_ASSIGNMENT_
All of the data, word for word and free of pictures, is the expected result.

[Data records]
<<<<
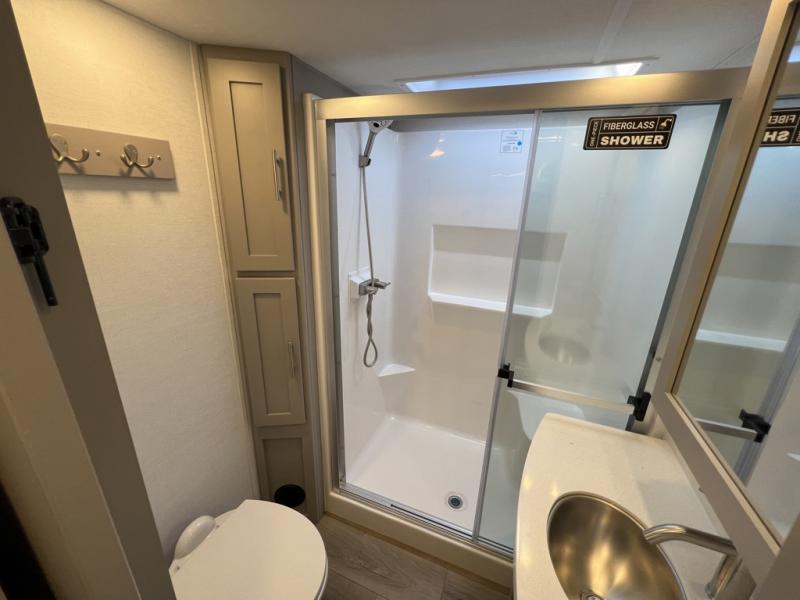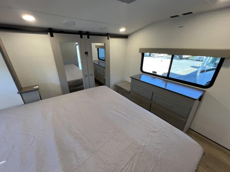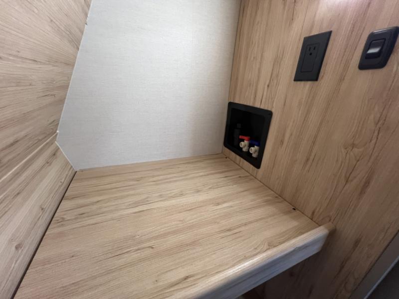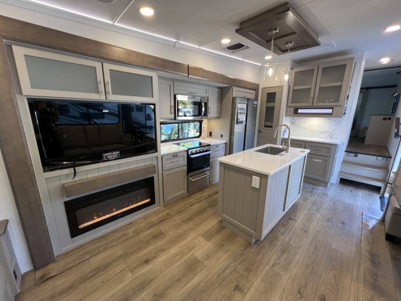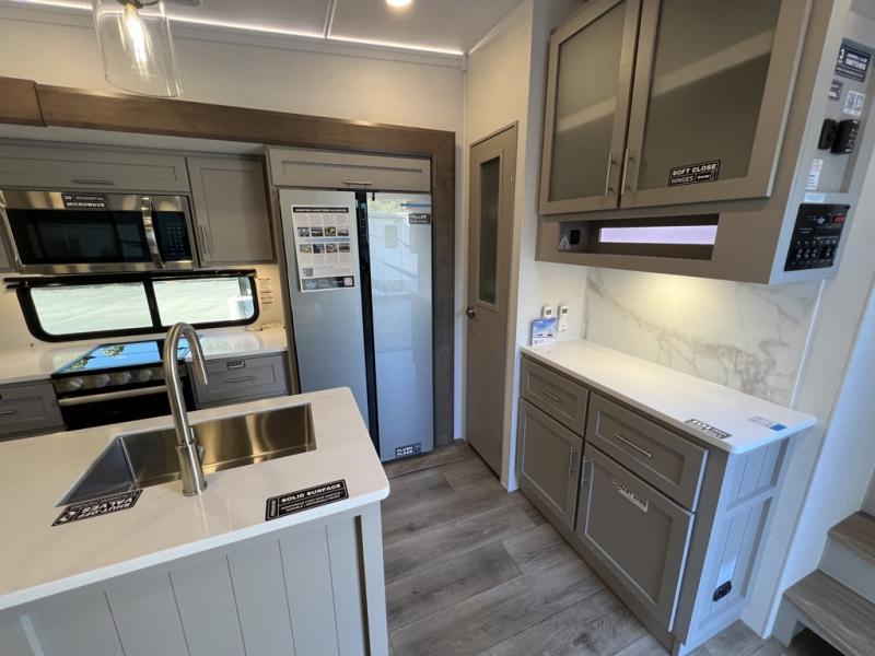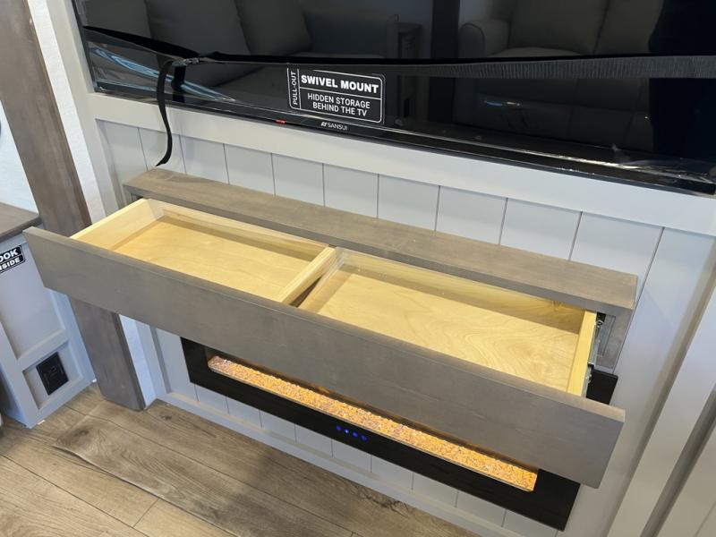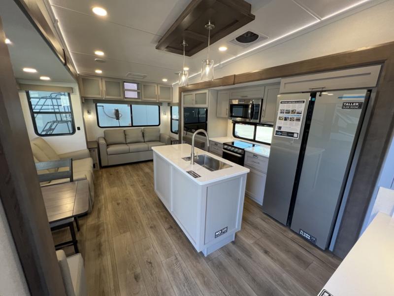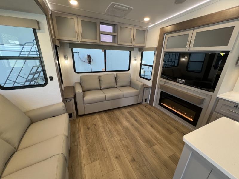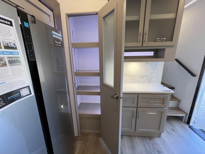 A kitchen island with countertop space makes it easy to prepare meals in this fifth wheel! The floating dinette table has two chairs on one side and a movable ottoman with flip up storage on the other side to keep your games or extra table cloths in. You can store your dishes and snacks inside the hutch/pantry or in the second pantry. The front private bedroom has a queen bed slide but can be switched out for the optional king bed if you like. There is also a dresser and large wardrobe for storage, and either side of the wardrobe with washer and dryer prep. The rear living area features a dual recliner theater seat across from an entertainment center with a 50" class HDTV with hidden storage behind it, and is also on a swing mount for all to see even at the rear sleeper sofa!
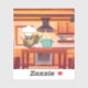 An illustration of a cute cartoon chef owl cooking in the kitchen using his favourite teal coloured pot, chef hat and wooden laddle. This adorable bird design is a gift idea for food lovers and animal lovers.
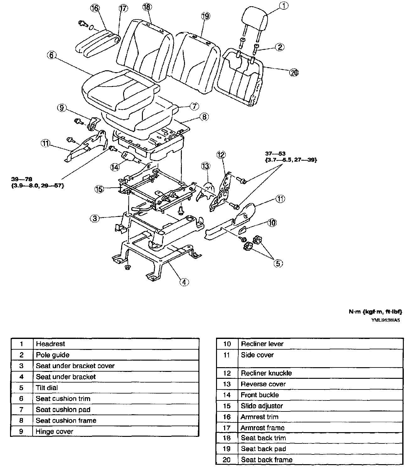 WARNING: Handling the front seat (side air bag) improperly can accidentally deploy the side air bag, which may seriously injure you. Read AIR BAG SYSTEM SERVICE WARNINGS before handling the front seat.
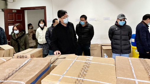 (劉承功檢查防疫物資儲(chǔ)存?zhèn)}庫(kù))
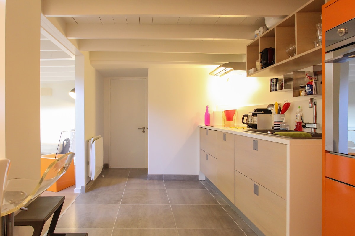 Očarljivo predelano stanovanje, sodobno in udobno, z oceno 3 zvezdice Meublé de Tourisme Zelo enostaven in varen sprejem koles in motornih koles na dvorišču Dostop do območja za sprostitev (viseči vrt, ogrevan notranji bazen, masažna kad) v poletni sezoni od maja do septembra L'Atelier K je nekdanja delavnica, preurejena v predelana stanovanja. Izjemna lokacija v zgodovinskem središču Bloisa, v središču mesta, na enem nadstropju na velikem zasebnem dvorišču, zelo mirno in svetlo, s pogledom na grad
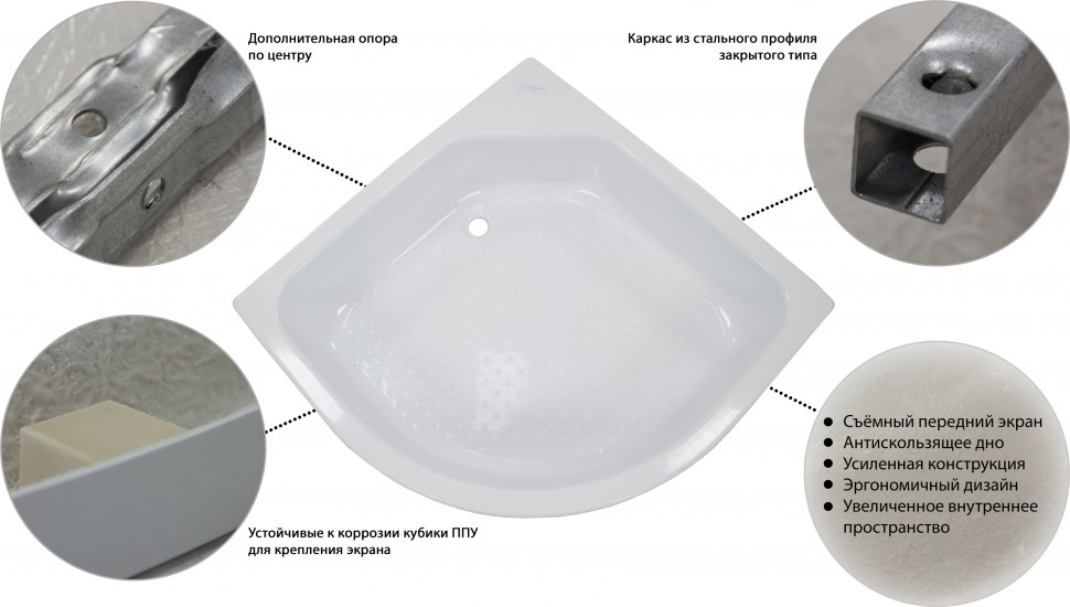 • Форма поддона: Полукруг • Тип поддона: Средний • Сифон душевой кабины: 50 мм
>>>>
_TASK SOLUTION_
 A kitchen island with countertop space makes it easy to prepare meals in this fifth wheel! The floating dinette table has two chairs on one side and a movable ottoman with flip up storage on the other side to keep your games or extra table cloths in. You can store your dishes and snacks inside the hutch/pantry or in the second pantry. The front private bedroom has a queen bed slide but can be switched out for the optional king bed if you like. There is also a dresser and large wardrobe for storage, and either side of the wardrobe with washer and dryer prep. The rear living area features a dual recliner theater seat across from an entertainment center with a 50" class HDTV with hidden storage behind it, and is also on a swing mount for all to see even at the rear sleeper sofa!
 An illustration of a cute cartoon chef owl cooking in the kitchen using his favourite teal coloured pot, chef hat and wooden laddle. This adorable bird design is a gift idea for food lovers and animal lovers.
 WARNING: Handling the front seat (side air bag) improperly can accidentally deploy the side air bag, which may seriously injure you. Read AIR BAG SYSTEM SERVICE WARNINGS before handling the front seat.
 (劉承功檢查防疫物資儲(chǔ)存?zhèn)}庫(kù))
 Očarljivo predelano stanovanje, sodobno in udobno, z oceno 3 zvezdice Meublé de Tourisme Zelo enostaven in varen sprejem koles in motornih koles na dvorišču Dostop do območja za sprostitev (viseči vrt, ogrevan notranji bazen, masažna kad) v poletni sezoni od maja do septembra L'Atelier K je nekdanja delavnica, preurejena v predelana stanovanja. Izjemna lokacija v zgodovinskem središču Bloisa, v središču mesta, na enem nadstropju na velikem zasebnem dvorišču, zelo mirno in svetlo, s pogledom na grad
 • Форма поддона: Полукруг • Тип поддона: Средний • Сифон душевой кабины: 50 мм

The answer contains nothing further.